Filtering BAM Files¶
Learn how to filter chimera artifacts induced by whole genome amplification (WGA) from BAM files using ChimeraLM, producing clean datasets for downstream analysis.
Learning Objectives
By the end of this tutorial, you will be able to:
- Run predictions on BAM files to identify chimera reads induced by WGA
- Filter BAM files to remove chimera artifacts induced by WGA
- Verify filtering results and quality metrics
- Integrate filtering into analysis pipelines
- Handle edge cases (empty predictions, all chimera induced by WGA, etc.)

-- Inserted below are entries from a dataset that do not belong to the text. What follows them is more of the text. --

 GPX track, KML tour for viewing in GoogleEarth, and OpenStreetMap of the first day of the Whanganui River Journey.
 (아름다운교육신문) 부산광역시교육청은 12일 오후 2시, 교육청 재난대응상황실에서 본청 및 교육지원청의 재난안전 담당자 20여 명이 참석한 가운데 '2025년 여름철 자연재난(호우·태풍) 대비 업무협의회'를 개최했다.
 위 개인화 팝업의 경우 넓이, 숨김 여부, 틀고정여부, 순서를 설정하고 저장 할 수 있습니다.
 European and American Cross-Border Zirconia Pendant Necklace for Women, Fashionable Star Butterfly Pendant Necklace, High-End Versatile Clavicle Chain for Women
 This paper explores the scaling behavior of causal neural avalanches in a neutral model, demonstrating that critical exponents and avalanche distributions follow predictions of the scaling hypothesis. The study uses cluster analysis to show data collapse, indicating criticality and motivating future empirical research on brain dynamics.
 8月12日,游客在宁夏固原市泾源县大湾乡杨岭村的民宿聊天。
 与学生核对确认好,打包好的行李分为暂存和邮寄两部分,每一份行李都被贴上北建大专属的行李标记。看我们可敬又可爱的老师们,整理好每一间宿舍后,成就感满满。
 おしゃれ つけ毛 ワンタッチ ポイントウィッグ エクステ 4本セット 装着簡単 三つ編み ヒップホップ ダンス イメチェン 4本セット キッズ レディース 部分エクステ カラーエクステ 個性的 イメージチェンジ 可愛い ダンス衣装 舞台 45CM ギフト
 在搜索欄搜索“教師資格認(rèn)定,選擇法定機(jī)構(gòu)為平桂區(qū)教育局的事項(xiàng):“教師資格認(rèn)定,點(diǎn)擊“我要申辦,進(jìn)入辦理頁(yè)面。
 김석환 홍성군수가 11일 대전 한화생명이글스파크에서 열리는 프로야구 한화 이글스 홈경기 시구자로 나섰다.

Prerequisites: ChimeraLM installed, SAMtools installed, basic command-line experience
Time: ~20 minutes
Get Sample Data¶
If you haven't already, download the sample BAM file with its index:
# Download sample BAM file with index
wget https://github.com/ylab-hi/chimera/raw/main/tests/data/mk1c_test.bam
wget https://github.com/ylab-hi/chimera/raw/main/tests/data/mk1c_test.bam.bai
# Or using curl
curl -L -o mk1c_test.bam https://github.com/ylab-hi/chimera/raw/main/tests/data/mk1c_test.bam
curl -L -o mk1c_test.bam.bai https://github.com/ylab-hi/chimera/raw/main/tests/data/mk1c_test.bam.bai
# Verify files
ls -lh mk1c_test.bam*
About the Test Data
The mk1c_test.bam file contains 175 reads, in which 75 chimeric reads and 100 non-chimeric reads, subsampled from PC3 cell line (human prostate cancer) sequenced using Nanopore MinION Mk1C with whole genome amplification.
Using Your Own Data
This tutorial uses mk1c_test.bam as an example. Replace it with your own BAM file path throughout the tutorial.
Workflow Overview¶
The ChimeraLM filtering workflow has three steps:
graph LR
A[Input BAM] --> B[Predict]
B --> C[Predictions]
C --> D[Filter]
D --> E[Filtered BAM]
E --> F[Sort & Index]
F --> G[Clean BAM] - Predict: Classify reads as biological (0) or chimeric artifact (1)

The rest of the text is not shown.